• _WHAT IS NEEDED_:
Where a picture appears, skip it and copy everything else in the listing exactly.

• _DATA_:
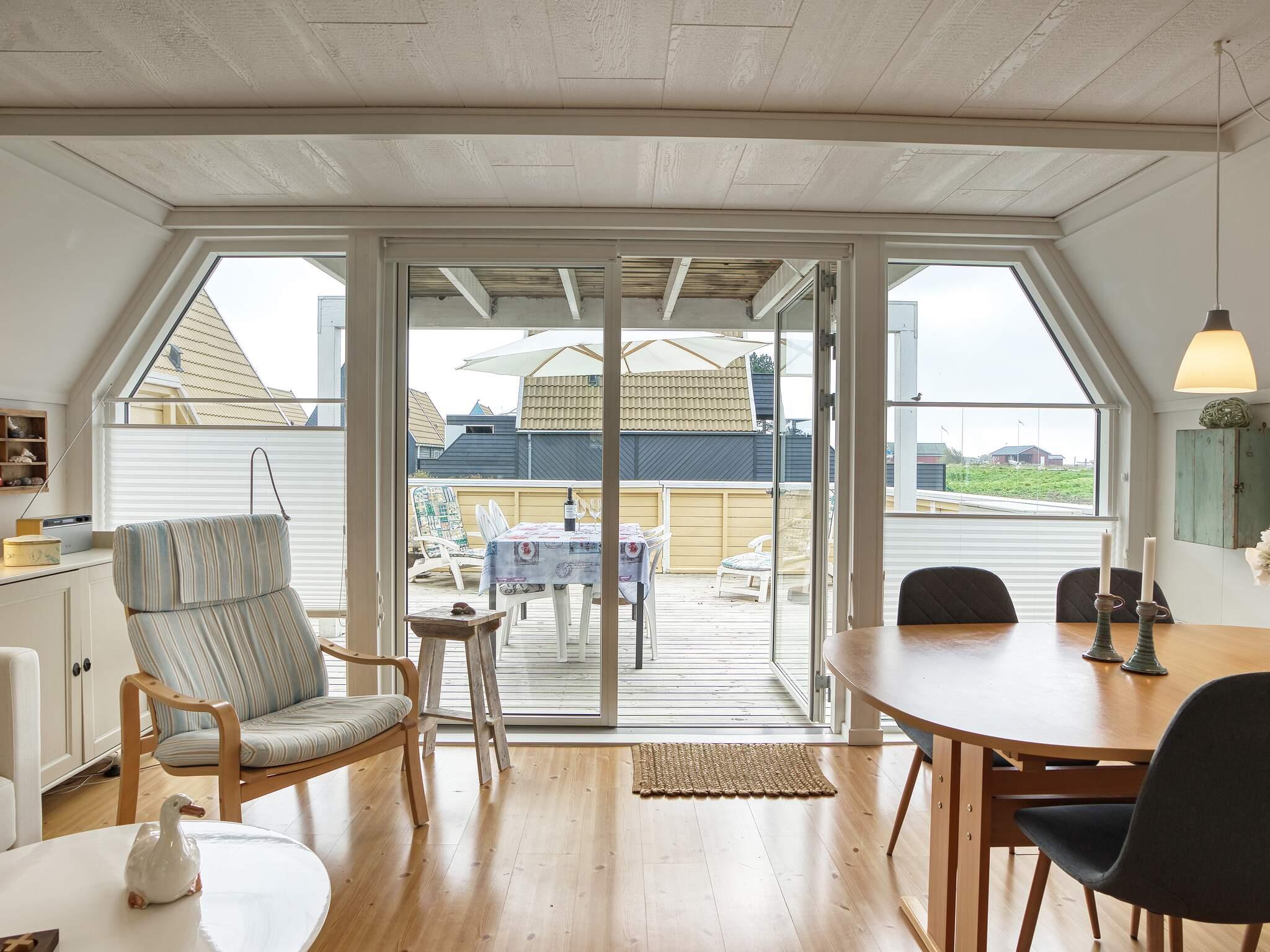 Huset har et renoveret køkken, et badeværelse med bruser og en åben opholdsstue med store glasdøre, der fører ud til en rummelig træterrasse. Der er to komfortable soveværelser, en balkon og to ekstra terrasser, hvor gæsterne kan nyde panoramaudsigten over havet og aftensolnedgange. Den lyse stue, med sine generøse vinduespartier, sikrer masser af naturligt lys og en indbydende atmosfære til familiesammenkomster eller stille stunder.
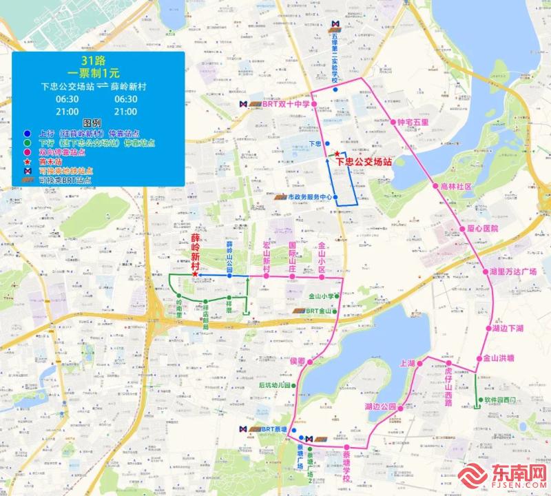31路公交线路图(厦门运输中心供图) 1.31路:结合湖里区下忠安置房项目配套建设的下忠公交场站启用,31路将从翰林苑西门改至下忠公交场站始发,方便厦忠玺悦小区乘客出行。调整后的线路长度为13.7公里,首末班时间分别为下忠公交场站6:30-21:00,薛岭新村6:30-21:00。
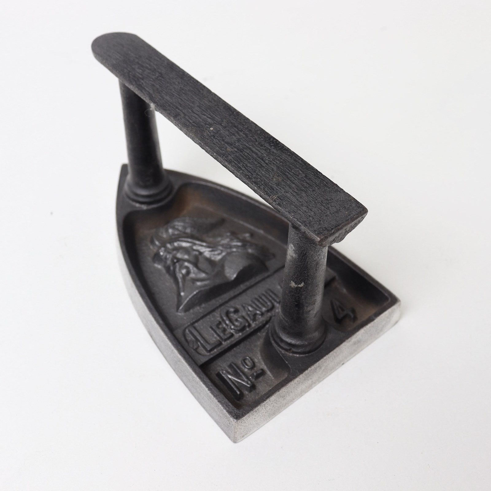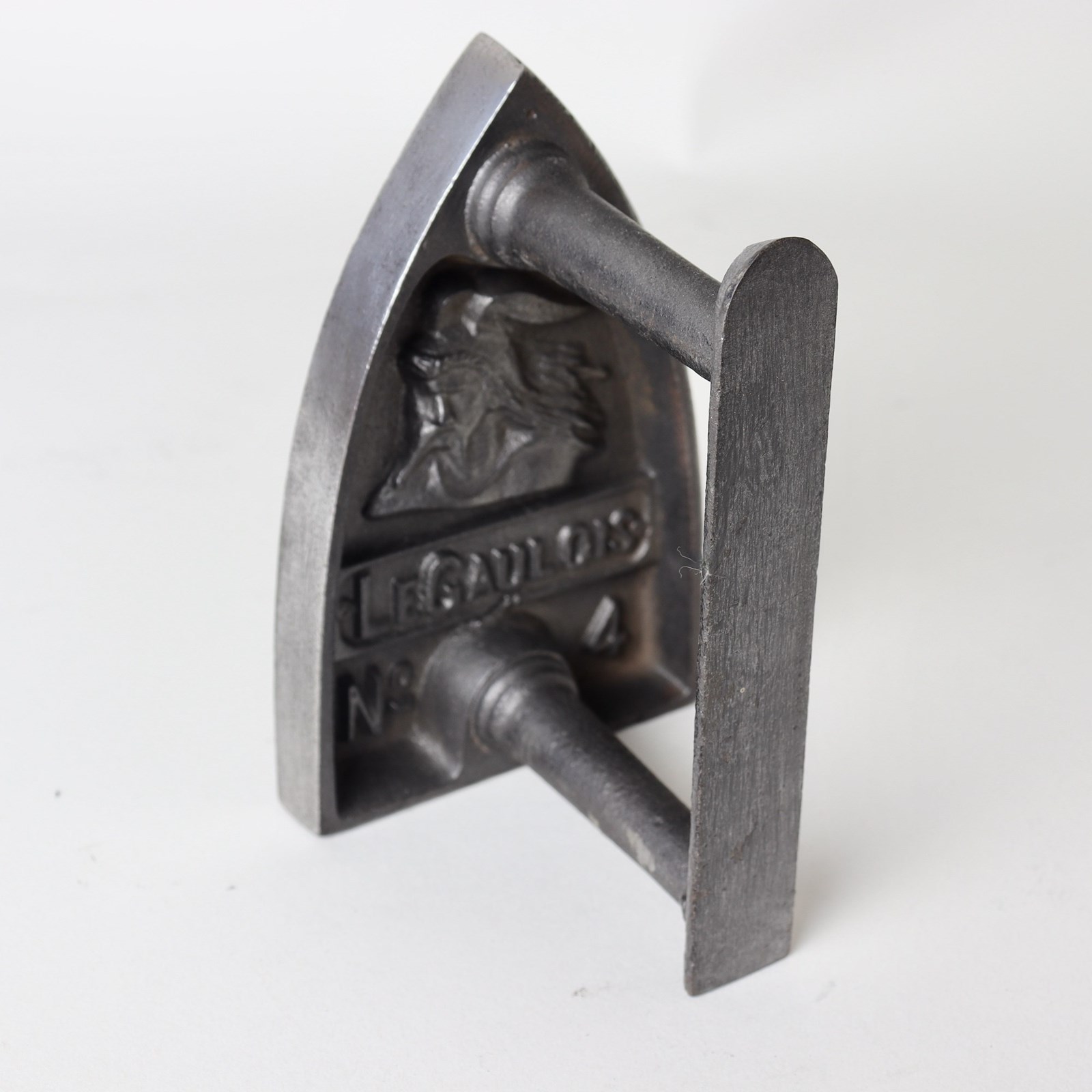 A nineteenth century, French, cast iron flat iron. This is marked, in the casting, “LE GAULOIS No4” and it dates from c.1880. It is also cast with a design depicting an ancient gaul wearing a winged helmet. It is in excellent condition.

• _TASK RESPONSE_:
 Huset har et renoveret køkken, et badeværelse med bruser og en åben opholdsstue med store glasdøre, der fører ud til en rummelig træterrasse. Der er to komfortable soveværelser, en balkon og to ekstra terrasser, hvor gæsterne kan nyde panoramaudsigten over havet og aftensolnedgange. Den lyse stue, med sine generøse vinduespartier, sikrer masser af naturligt lys og en indbydende atmosfære til familiesammenkomster eller stille stunder.
31路公交线路图(厦门运输中心供图) 1.31路:结合湖里区下忠安置房项目配套建设的下忠公交场站启用,31路将从翰林苑西门改至下忠公交场站始发,方便厦忠玺悦小区乘客出行。调整后的线路长度为13.7公里,首末班时间分别为下忠公交场站6:30-21:00,薛岭新村6:30-21:00。
 A nineteenth century, French, cast iron flat iron. This is marked, in the casting, “LE GAULOIS No4” and it dates from c.1880. It is also cast with a design depicting an ancient gaul wearing a winged helmet. It is in excellent condition.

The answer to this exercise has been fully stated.